17th May, Addis Ababa

A change of plans. We intended to sweep north from Gondar to the Simien Mountains and Axum then on down to Addis stopping off at the churches at Lalibella on the way. With the rains starting and a bad road for half that distance we decided to head on down to Addis where we are ensconced in the small yard of the Wanza Hotel. On the way we spent a couple of nights at Lake Tana as mentioned in the earlier blog then went south stopping a night in a delightful complex in the process of being finished overlooking a branch of the Rift Valley. It would be at least 5,000 feet to the bottom of the valley. Tribes of monkeys were fighting on the cliffs while eagles and vultures floated above including the massive Lammergeyer with its 3 metre wing span. During the day we had dropped into the main Rift Valley where the Blue Nile wends its way. The road down took about 10 kms to get to the bottom and a further 10 getting up the other side. It is an amazing spectacle and when you realize this split in the earth’s surface runs all the way from the Dead Sea in Jordan down to Mozambique in southern Africa. With aid from Japan the road through the Valley was being improved and a new bridge is being built over the Nile.
Ethiopia is an amazing country; so mountainous yet most of it cultivated. At the moment the ground has been ploughed and sown, all ready for the rains to come.
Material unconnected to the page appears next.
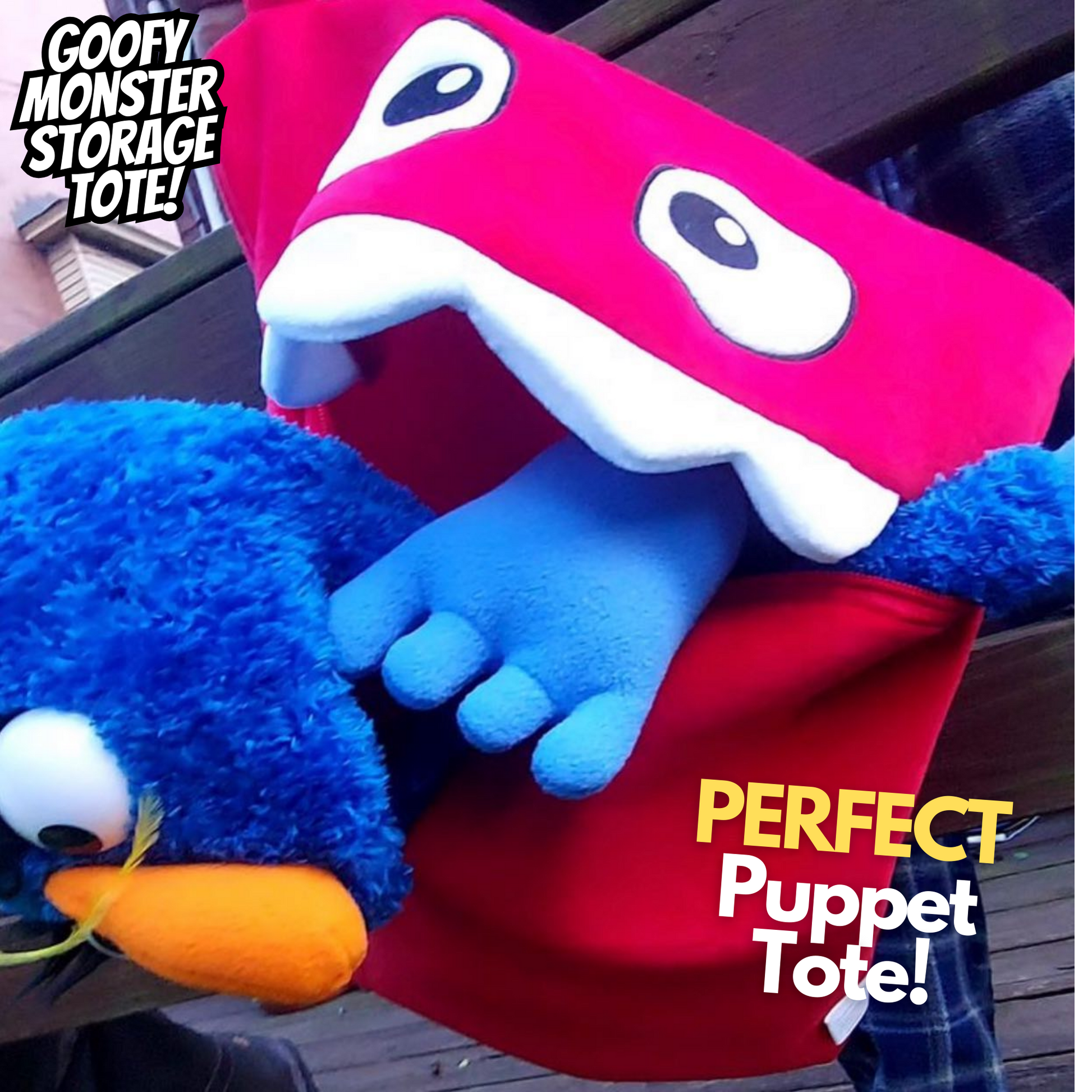 📏 Our Goofy Monster Storage Tote is the perfect size for our range of 60cm full-body puppets and 35cm Pubbet mini puppets, ensuring that your beloved puppet friends have a cozy and secure home.

I hope they don’t fail like they do some years. Not many cars, mostly minibuses and trucks, the people seem to walk everywhere. It’s nothing for them to walk 20kms to the markets and driving through the towns one has to carefully weave a path through the people. Donkeys are used a lot, the sheep are intelligent keeping an eye on the traffic but you still have to keep an eye on the odd independent one that decides the grass is greener elsewhere.
Ethiopian food is very interesting and should be tried: the staple food is injeera, made from fermented yeast. It’s like a very flat pancake that overflows the plate and on which the other food is placed. You tear off a bit of injeera with your right hand then use it to scoop up the other food sitting on top. Difficult at first but quite easy after you get the hang of it. Beber is a potent paste like harissa that is added to many of the dishes bringing the eater out in a hot sweat after the first few mouth fulls. The Italians were here for a few years in the ‘30s and their legacy is the pasta dishes that are always on the menu and the coffee machines that can be found in the smallest of bars or cafes. The coffee grown in the country is reputed to be the best in the world and their macchiatos are to die for.
We will stay here until Monday when I have to organize the Yellow Card 3rd party insurance that covers most of Southern Africa. It saves having to take it out on each border.